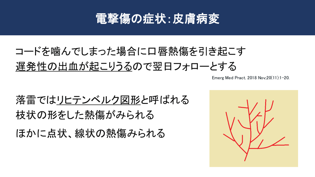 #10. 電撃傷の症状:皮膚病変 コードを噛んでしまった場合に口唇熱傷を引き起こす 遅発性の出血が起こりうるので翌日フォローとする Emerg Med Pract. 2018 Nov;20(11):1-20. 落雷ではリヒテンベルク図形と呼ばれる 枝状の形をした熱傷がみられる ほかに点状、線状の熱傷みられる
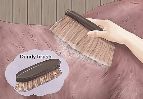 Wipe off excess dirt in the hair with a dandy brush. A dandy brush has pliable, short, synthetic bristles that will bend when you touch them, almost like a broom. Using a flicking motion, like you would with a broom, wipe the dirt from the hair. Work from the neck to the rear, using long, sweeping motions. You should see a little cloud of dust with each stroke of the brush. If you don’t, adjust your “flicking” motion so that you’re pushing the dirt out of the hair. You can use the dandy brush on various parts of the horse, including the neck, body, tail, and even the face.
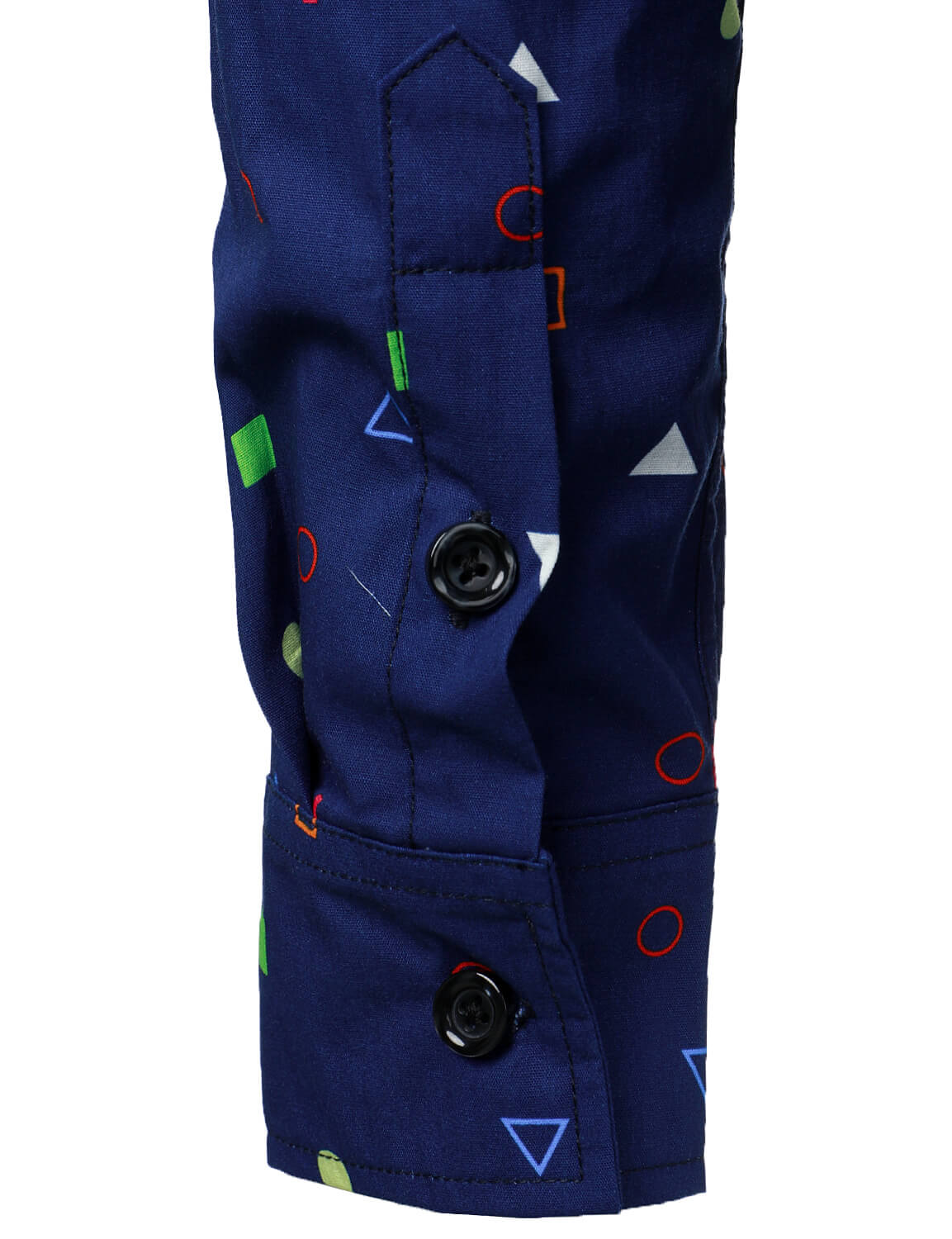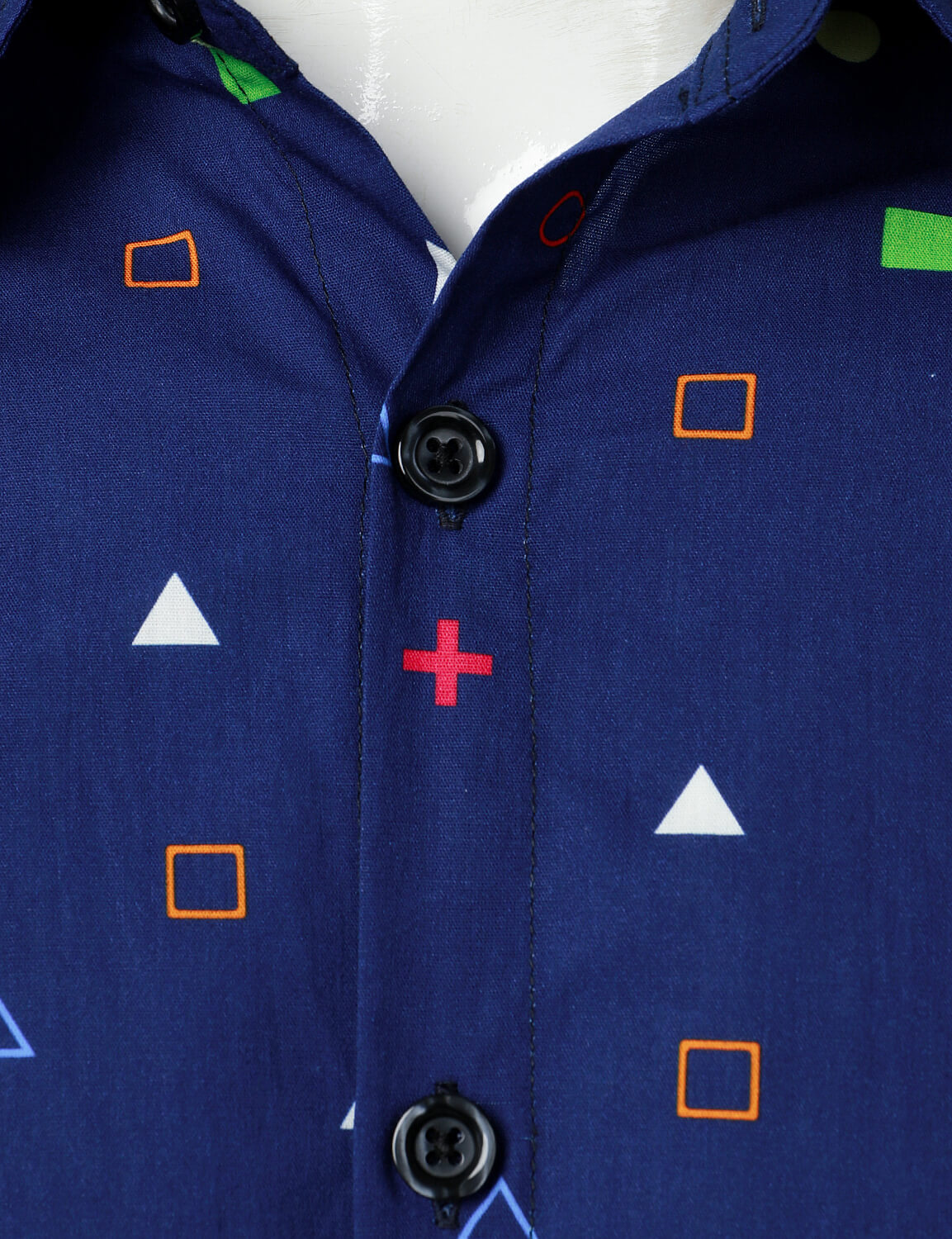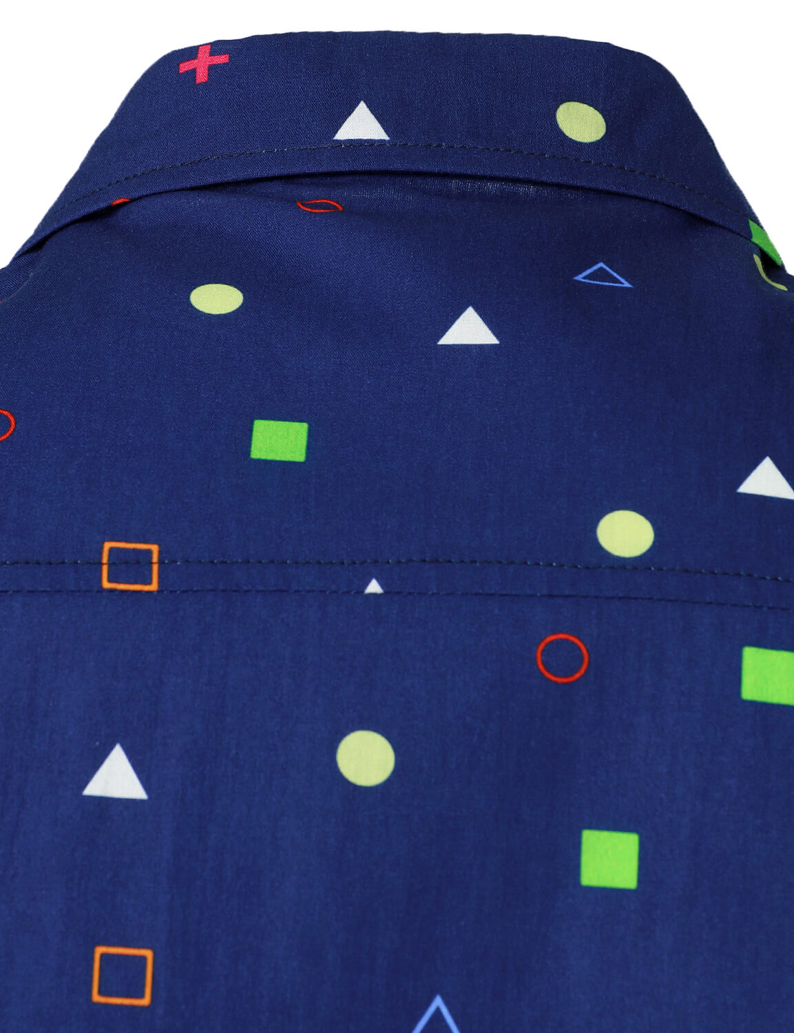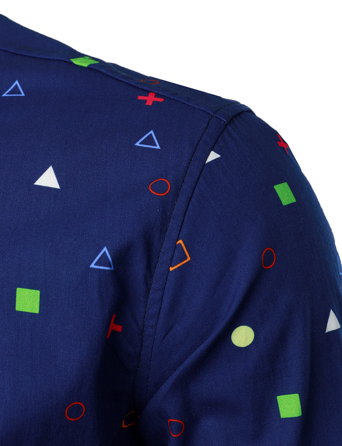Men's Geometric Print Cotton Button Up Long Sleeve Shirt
* * *
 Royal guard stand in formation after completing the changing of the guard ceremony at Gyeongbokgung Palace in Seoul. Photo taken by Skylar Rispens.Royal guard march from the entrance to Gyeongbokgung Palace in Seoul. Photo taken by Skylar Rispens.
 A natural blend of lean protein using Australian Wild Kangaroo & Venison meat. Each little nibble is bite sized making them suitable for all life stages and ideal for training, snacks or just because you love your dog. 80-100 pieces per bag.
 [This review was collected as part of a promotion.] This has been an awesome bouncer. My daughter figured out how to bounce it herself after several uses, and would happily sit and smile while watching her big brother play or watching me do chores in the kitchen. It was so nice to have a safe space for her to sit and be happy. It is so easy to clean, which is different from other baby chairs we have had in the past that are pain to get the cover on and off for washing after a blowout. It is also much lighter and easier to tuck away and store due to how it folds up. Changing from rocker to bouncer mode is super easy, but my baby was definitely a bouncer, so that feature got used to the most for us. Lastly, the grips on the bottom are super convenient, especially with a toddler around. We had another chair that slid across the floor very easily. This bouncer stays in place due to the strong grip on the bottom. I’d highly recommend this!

→ **YOUR TASK**
The lines to set down run from the line with "#10. 電撃傷の症状:皮膚病変 コードを噛んでしまった場合に口唇熱傷を引き起こす" up to and including the line with "Men's Geometric Print" in the entries above. Reproduce them exactly, with no pictures.

→ **RESPONSE BOX**
 #10. 電撃傷の症状:皮膚病変 コードを噛んでしまった場合に口唇熱傷を引き起こす 遅発性の出血が起こりうるので翌日フォローとする Emerg Med Pract. 2018 Nov;20(11):1-20. 落雷ではリヒテンベルク図形と呼ばれる 枝状の形をした熱傷がみられる ほかに点状、線状の熱傷みられる
 Wipe off excess dirt in the hair with a dandy brush. A dandy brush has pliable, short, synthetic bristles that will bend when you touch them, almost like a broom. Using a flicking motion, like you would with a broom, wipe the dirt from the hair. Work from the neck to the rear, using long, sweeping motions. You should see a little cloud of dust with each stroke of the brush. If you don’t, adjust your “flicking” motion so that you’re pushing the dirt out of the hair. You can use the dandy brush on various parts of the horse, including the neck, body, tail, and even the face.
Men's Geometric Print Cotton Button Up Long Sleeve Shirt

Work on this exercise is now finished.